*** Opening RECORDS SUPPLIED ***

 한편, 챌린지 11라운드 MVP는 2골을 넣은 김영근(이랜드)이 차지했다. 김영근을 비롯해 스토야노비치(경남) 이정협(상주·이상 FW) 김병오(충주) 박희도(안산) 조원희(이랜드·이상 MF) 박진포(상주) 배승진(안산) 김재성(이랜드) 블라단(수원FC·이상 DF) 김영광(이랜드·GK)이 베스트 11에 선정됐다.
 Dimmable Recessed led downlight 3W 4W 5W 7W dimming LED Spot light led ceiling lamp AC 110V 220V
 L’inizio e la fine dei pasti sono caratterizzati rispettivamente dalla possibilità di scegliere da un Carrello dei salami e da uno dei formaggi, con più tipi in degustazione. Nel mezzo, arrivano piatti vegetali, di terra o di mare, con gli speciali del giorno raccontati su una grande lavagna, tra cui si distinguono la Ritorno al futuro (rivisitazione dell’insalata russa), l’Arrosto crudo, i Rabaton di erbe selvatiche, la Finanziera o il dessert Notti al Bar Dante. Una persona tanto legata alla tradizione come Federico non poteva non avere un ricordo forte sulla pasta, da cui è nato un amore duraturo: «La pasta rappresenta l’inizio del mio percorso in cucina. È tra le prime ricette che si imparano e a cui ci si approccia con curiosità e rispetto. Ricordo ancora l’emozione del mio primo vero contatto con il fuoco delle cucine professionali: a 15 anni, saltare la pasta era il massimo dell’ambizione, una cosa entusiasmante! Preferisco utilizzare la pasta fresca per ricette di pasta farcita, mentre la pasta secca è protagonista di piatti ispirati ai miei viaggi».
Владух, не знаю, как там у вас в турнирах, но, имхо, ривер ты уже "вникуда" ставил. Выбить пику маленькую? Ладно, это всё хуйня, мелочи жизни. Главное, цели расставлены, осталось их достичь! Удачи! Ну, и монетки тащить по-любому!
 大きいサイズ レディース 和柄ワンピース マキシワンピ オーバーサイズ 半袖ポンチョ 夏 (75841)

*** Closing RECORDS SUPPLIED ***
*** Opening RECORDS SUPPLIED ***

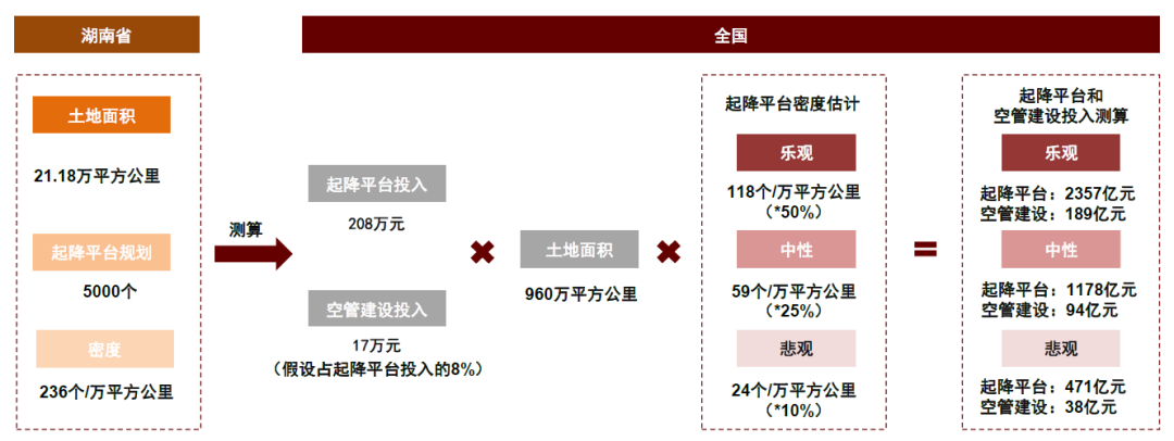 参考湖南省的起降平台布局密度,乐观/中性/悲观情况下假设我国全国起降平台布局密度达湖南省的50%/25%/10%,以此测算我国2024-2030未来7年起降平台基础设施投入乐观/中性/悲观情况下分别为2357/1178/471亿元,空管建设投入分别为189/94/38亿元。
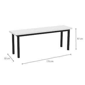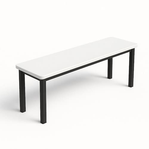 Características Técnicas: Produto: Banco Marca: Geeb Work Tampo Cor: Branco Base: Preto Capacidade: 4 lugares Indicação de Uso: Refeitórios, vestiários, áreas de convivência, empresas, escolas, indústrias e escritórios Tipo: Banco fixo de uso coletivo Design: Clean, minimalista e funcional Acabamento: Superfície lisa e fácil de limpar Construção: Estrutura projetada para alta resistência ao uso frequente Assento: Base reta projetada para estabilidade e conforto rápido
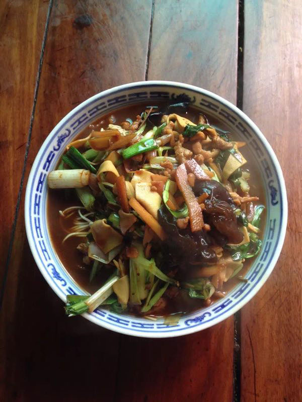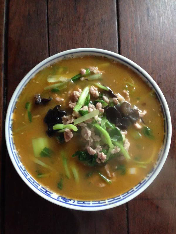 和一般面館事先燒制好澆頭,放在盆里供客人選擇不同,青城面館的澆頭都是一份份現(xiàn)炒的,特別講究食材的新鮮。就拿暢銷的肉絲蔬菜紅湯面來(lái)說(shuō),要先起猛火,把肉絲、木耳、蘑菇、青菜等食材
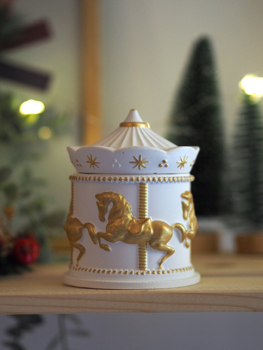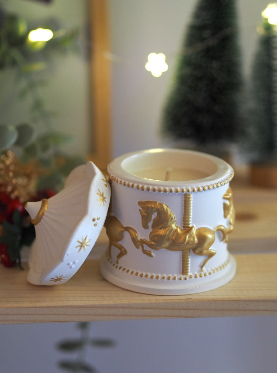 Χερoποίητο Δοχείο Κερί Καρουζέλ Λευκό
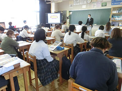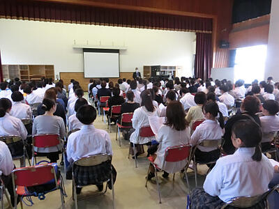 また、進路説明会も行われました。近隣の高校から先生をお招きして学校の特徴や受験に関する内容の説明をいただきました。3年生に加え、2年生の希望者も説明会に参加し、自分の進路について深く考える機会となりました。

*** Closing RECORDS SUPPLIED ***

> _EXERCISE GOAL_:
From the material above, give again exactly the lines from the one that contains "Características Técnicas: Produto: Banco" through the one that contains "また、進路説明会も行われまし", and leave out the pictures.

> _ANSWER TO THIS TASK_:
 Características Técnicas: Produto: Banco Marca: Geeb Work Tampo Cor: Branco Base: Preto Capacidade: 4 lugares Indicação de Uso: Refeitórios, vestiários, áreas de convivência, empresas, escolas, indústrias e escritórios Tipo: Banco fixo de uso coletivo Design: Clean, minimalista e funcional Acabamento: Superfície lisa e fácil de limpar Construção: Estrutura projetada para alta resistência ao uso frequente Assento: Base reta projetada para estabilidade e conforto rápido
 和一般面館事先燒制好澆頭,放在盆里供客人選擇不同,青城面館的澆頭都是一份份現(xiàn)炒的,特別講究食材的新鮮。就拿暢銷的肉絲蔬菜紅湯面來(lái)說(shuō),要先起猛火,把肉絲、木耳、蘑菇、青菜等食材
 Χερoποίητο Δοχείο Κερί Καρουζέλ Λευκό
 また、進路説明会も行われました。近隣の高校から先生をお招きして学校の特徴や受験に関する内容の説明をいただきました。3年生に加え、2年生の希望者も説明会に参加し、自分の進路について深く考える機会となりました。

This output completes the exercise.